### [PROBLEM REQUIREMENTS]
Every line of the material below in which "Natural" shows up is to be located and copied.

### [MATERIAL FOR THIS EXERCISE]
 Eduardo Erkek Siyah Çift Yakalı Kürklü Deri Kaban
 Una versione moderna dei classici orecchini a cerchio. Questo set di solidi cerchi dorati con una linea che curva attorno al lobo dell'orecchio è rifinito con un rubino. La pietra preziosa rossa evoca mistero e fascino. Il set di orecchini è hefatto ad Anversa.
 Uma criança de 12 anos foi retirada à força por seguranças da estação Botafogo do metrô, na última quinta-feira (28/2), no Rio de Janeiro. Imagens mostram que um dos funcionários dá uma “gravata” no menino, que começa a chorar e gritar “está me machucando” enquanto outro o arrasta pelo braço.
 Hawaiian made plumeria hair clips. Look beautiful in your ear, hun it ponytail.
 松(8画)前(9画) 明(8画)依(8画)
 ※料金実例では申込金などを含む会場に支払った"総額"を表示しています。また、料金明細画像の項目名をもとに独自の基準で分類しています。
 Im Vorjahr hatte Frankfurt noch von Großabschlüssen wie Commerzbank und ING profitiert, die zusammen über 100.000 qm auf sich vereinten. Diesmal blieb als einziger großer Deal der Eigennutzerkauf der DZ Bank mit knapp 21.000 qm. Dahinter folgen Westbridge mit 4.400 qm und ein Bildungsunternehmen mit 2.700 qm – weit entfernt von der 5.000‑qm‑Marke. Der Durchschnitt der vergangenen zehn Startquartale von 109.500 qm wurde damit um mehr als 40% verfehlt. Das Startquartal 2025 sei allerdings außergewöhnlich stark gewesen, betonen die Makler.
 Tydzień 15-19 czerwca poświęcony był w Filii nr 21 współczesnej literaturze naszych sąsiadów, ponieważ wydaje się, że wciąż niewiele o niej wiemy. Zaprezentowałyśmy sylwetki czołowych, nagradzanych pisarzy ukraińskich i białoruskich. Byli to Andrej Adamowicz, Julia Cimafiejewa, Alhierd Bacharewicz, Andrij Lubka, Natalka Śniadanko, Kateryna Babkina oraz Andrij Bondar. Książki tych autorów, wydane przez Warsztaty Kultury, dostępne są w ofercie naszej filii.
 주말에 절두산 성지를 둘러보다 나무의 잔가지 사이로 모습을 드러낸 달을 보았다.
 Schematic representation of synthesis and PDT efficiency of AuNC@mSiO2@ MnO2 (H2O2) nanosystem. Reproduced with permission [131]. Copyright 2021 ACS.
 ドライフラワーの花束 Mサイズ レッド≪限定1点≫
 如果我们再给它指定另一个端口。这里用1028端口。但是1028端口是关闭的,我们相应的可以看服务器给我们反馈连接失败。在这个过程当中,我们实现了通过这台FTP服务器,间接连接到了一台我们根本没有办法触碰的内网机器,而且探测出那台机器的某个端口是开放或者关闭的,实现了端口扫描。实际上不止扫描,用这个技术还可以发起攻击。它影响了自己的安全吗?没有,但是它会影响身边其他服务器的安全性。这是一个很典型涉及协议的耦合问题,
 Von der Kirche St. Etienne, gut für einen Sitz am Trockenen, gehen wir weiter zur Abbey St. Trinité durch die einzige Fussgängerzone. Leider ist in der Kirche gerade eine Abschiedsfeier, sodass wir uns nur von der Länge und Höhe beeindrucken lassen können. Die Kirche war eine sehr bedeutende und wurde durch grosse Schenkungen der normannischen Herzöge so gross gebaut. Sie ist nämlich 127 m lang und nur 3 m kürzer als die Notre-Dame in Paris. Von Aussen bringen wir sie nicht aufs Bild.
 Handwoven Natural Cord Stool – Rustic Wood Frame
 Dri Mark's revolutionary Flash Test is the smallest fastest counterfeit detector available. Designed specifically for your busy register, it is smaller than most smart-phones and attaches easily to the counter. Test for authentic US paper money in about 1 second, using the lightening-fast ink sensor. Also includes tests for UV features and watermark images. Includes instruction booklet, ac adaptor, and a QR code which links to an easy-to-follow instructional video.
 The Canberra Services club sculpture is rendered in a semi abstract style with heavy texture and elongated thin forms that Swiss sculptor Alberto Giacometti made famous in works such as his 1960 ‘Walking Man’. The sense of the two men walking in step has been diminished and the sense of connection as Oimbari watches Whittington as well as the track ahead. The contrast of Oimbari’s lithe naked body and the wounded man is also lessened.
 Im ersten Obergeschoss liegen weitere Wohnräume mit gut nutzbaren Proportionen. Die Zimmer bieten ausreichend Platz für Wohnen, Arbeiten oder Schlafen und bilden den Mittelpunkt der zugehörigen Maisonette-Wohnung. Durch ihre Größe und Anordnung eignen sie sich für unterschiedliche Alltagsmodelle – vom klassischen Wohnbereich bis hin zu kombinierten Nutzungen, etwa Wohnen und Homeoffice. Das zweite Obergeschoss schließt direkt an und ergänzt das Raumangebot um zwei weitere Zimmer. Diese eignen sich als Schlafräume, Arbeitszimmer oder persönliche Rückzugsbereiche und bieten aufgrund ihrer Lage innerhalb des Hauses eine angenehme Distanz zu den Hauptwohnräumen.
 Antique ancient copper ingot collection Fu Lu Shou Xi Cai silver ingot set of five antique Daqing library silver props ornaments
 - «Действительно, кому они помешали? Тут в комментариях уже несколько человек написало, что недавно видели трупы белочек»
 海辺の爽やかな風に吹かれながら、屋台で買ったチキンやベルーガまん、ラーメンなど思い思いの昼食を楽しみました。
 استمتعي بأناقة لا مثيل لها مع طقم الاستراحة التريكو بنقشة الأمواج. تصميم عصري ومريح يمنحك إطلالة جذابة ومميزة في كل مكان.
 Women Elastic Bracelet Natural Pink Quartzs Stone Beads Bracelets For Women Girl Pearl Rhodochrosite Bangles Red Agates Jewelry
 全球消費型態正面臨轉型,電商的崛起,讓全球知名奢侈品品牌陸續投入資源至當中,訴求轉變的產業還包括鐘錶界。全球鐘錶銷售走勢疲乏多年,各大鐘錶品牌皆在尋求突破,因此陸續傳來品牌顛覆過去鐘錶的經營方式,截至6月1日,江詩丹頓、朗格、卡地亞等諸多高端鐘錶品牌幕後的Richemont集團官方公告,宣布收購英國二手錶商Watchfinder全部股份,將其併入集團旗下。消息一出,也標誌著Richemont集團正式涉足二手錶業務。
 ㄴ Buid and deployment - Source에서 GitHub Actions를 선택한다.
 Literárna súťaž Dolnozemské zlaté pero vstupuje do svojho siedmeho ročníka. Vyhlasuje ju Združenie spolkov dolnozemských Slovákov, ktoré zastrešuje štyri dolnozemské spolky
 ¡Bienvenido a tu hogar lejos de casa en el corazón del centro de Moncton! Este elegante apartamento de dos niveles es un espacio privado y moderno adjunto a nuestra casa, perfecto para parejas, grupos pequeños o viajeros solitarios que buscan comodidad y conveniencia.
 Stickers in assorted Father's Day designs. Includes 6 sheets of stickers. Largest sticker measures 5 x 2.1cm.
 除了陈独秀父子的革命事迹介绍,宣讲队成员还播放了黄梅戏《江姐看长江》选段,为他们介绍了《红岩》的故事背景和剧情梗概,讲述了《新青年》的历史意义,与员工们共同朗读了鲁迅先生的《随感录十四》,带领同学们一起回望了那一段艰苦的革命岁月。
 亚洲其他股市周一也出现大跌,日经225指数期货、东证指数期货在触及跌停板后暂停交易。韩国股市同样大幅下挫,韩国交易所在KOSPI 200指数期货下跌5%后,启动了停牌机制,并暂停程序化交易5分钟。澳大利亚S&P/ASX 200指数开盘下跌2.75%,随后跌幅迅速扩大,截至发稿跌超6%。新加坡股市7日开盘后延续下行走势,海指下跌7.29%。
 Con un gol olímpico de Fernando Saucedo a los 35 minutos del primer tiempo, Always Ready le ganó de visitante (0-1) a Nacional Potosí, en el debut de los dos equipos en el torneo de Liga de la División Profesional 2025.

### [REPLY]
 Handwoven Natural Cord Stool – Rustic Wood Frame
 Women Elastic Bracelet Natural Pink Quartzs Stone Beads Bracelets For Women Girl Pearl Rhodochrosite Bangles Red Agates Jewelry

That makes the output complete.